Door de Nederlandse vertegenwoordiger tijdens de ontwerpfase van het IVESCR, prof.mr.dr. L. J. C. Beaufort O.F.M., is ten aanzien van «geleidelijke invoering» als hiervoor bedoeld, opgemerkt dat de bedoeling van de tekst slechts kan zijn dat niemand van de diverse vormen van onderwijs uitsluitend om financiële redenen kan worden afgehouden. Hij stelde bij die gelegenheid dat dit doel in Nederland al was bereikt omdat minder draagkrachtigen voor een tegemoetkoming in de studiekosten in aanmerking komen. Om deze opvatting kracht bij te zetten, stelde de vertegenwoordiger een tekst voor waarin deze bedoeling met zoveel woorden werd uitgedrukt. Het voorstel is niet overgenomen, maar de invulling die Nederland geeft aan de betreffende passage in artikel 13, tweede lid, van het IVESCR is sindsdien onveranderd gebleven.
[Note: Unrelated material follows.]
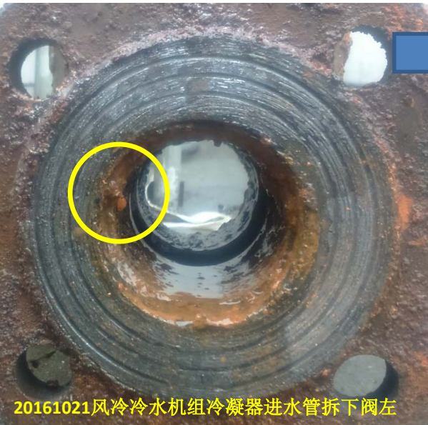
20161021风冷冷水机组冷凝器进水管拆下阀左

Op grond van de bepaling in het IVESCR gaat het dus niet om het voor iedereen kosteloos maken van het onderwijs, maar het creëren van een zodanige situatie dat financiële redenen geen belemmering voor de toegang tot het onderwijs mogen vormen. In Nederland is de financiële toegankelijkheid van het onderwijs al decennia geregeld via een combinatie van (inkomensafhankelijke) regelingen voor schoolgeld, lesgeld en collegegeld enerzijds en (inkomensafhankelijke) compenserende regelingen voor toelages, studiefinanciering, tegemoetkoming onderwijsbijdrage en schoolkosten anderzijds. Ik zie de toegang tot het onderwijs breder dan alleen de financiële toegankelijkheid. Ik verwijs daarvoor naar mijn eerder genoemde brief over de toegankelijkheid en kansengelijkheid in het hoger onderwijs van 25 oktober 2018.3

Tijdens de behandeling van het wetsvoorstel verlaagd wettelijk collegegeld met uw Kamer op 10 juli 2018 heb ik aangegeven ook te reflecteren hoe andere landen hier mee omgaan. Bij mijn ministerie zijn geen onderzoeken bekend waarin de interpretatie van dit verdragsartikel in andere landen is onderzocht. Tijdens de ontwerpfase van het IVESCR is het volgens de betrokkenen de bedoeling geweest aan alle staten een beleidsmarge te garanderen met betrekking tot de maatregelen die moeten leiden tot verwezenlijking van het doel.4 Dit doel bestaat uit het algemeen oftewel gelijkelijk voor iedereen toegankelijk maken van het voortgezet en wetenschappelijk onderwijs. Staten zijn vrij om dit op hun eigen wijze te doen. Vanwege de verschillende vormen van onderwijssystemen in de verschillende staten, is dit niet goed met elkaar te vergelijken.

In Nederland wordt aan deze verdragsverplichting voldaan door met verschillende instrumenten te zorgen voor een zo algemeen beschikbaar en (financieel) toegankelijk mogelijk hoger onderwijs. Daarnaast speelt ook de algemene economische orde een rol. Er zijn bij mij geen breed onderschreven juridische interpretaties bekend die stellen dat op grond van het IVESCR het (hoger) onderwijs gratis zou moeten zijn.

De Minister van Onderwijs, Cultuur en Wetenschap, I.K. van Engelshoven


X Noot
1

Kamerstukken II 1971/72, 11 796, nr. 5, p. 2–4.

X Noot
2

Kamerstukken II 1996/97, 25 321, nr. 3, paragraaf 1.5.

X Noot
3

Kamerstukken 2018/2019, 31 288, nr. 664.

X Noot
4

Kamerstukken 1971/1972, 11 796, nr. 5, p. 2.